Greece–Romania relations are the bilateral relations between Greece and Romania. Both countries are full members of the Council of Europe, Organization for Security and Co-operation in Europe, European Union, NATO and United Nations.

==Country comparison==

|  | Romania Romania | Greece Greece |
|---|---|---|
| Population | 19,051,562 | 10,482,487 |
| Area | 238,398 km^{2} (92,103 sq mi) | 131,957 km^{2} (50,949 sq mi) |
| Population Density | 78/km^{2} (203/sq mi) | 97/km^{2} (250/sq mi) |
| Capital | Bucharest | Athens |
| Largest City | Bucharest – 1,739,297 | Athens – 3,059,764 |
| Government | Unitary semi-presidential republic | Unitary parliamentary republic |
| Current leader | President Nicușor Dan Prime Minister Ilie Bolojan | President Konstantinos Tasoulas Prime Minister Kyriakos Mitsotakis |
| Official languages | Romanian | Greek |
| Main religions | 73.86% Romanian Orthodoxy, 5.97% Protestantism, 4.5% Catholicism, 0.3% Islam | 90% Greek Orthodox (official), 3% other Christian, 4% no religion, 2% Islam, 1% other |
| Ethnic groups | 89.3% Romanians, 6.0% Hungarians | 99% Greeks, 1% Others |
| GDP (nominal) | US$ 480.834 billion ($25,693 per capita) | US$ 307.554 billion ($29,696 per capita) |

==Early period==

The Greek presence in what is now Romania dates back as far as the apoikiai (colonies) and emporia (trade stations) founded in and around Dobruja (see Colonies in antiquity and Pontic Greeks), beginning in the 7th century BC. Starting with the Milesian colony at Istros, the process reached its height after Tomis was founded in the 5th century BC. Although forever subject to the Dacian interference and easily disrupted by changes in the politics of neighbour tribal chieftains, the colonies prospered until being briefly submitted in various forms by King Burebista (late 1st century BC). Immediately after, and for the following centuries, they were stripped of their privileges by their new Roman masters, and followed the Empire into its crises.

Greco–Romanian relations can be traced back hundreds of years when the two peoples formed a bastion of the Greco-Roman world in the Balkans.

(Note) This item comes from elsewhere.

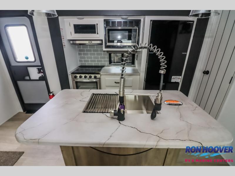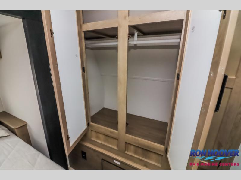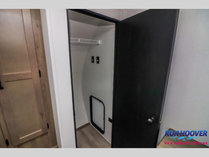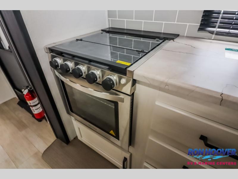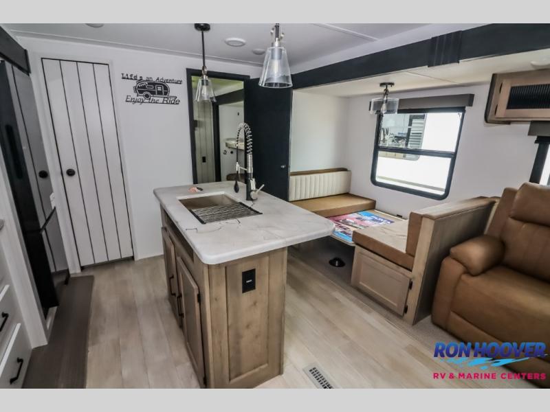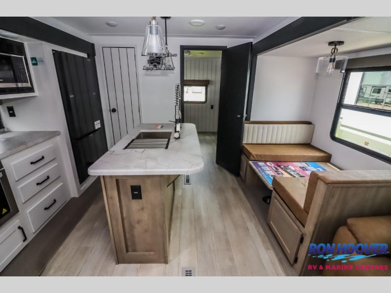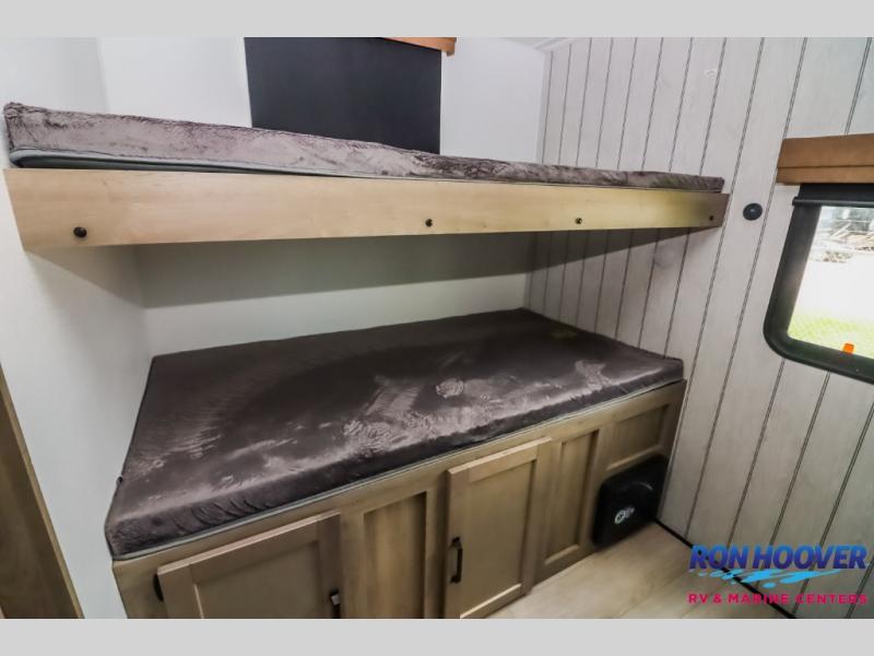 With dual entry doors and a bath and a half, you will have the ultimate in convenience with this travel trailer! The bedroom also has a front closet to keep your clothes looking their best and a queen bed slide for you to sleep your best. Everyone can freshen up in the full bathroom with the 34" x 34" radius shower and fill their bellies with scrambled eggs cooked with the stainless steel oven and range. Enjoy your meals, play games, and even sleep at the booth dinette or relax on the sofa while watching a movie with the entertainment center and fireplace. And your guests will love the rear private bunkhouse with three bunks, a jiffy sofa, and a slide out for more space! This model also includes an optional outside mini kitchen with a griddle!

They were to continue into the 14th century when the Principalities of Moldavia and Wallachia became a refuge for Greeks fleeing from the rapidly declining Byzantine Empire. During the period of Ottoman domination, Greek Phanariotes played an important role in the political and cultural life of modern-day Romania. Their influence was one of the reasons that revolutionaries launched the Greek War of Independence in the Danubian Principalities instead of Greece itself. Negotiations between the United Principalities and the now independent Greek state during the period of 1866–1869 proved fruitless, thanks both to Romanian hopes of achieving independence through dialog and the birth of Romanian national historiography that sharply criticized the Phanariotes. Events surrounding the Great Eastern Crisis such as the foundation of the Bulgarian Exarchate and the threat of Pan-Slavism reversed the situation. The Treaty of Berlin (1878) marked not only the creation of an independent Romania but also the restoration of amiable diplomatic relations between the two states. Having abandoned all claims to Transylvania and Bukovina, Romania turned its attention to the Bulgarian-held Southern Dobruja. Since the area's Romanian population was sparse, Romania sought to instill nationalist ideals to the Aromanians populating the Ottoman-controlled Macedonia. The Aromanians were then to settle in South Dobruja, thus reinforcing Romanian claims to the region.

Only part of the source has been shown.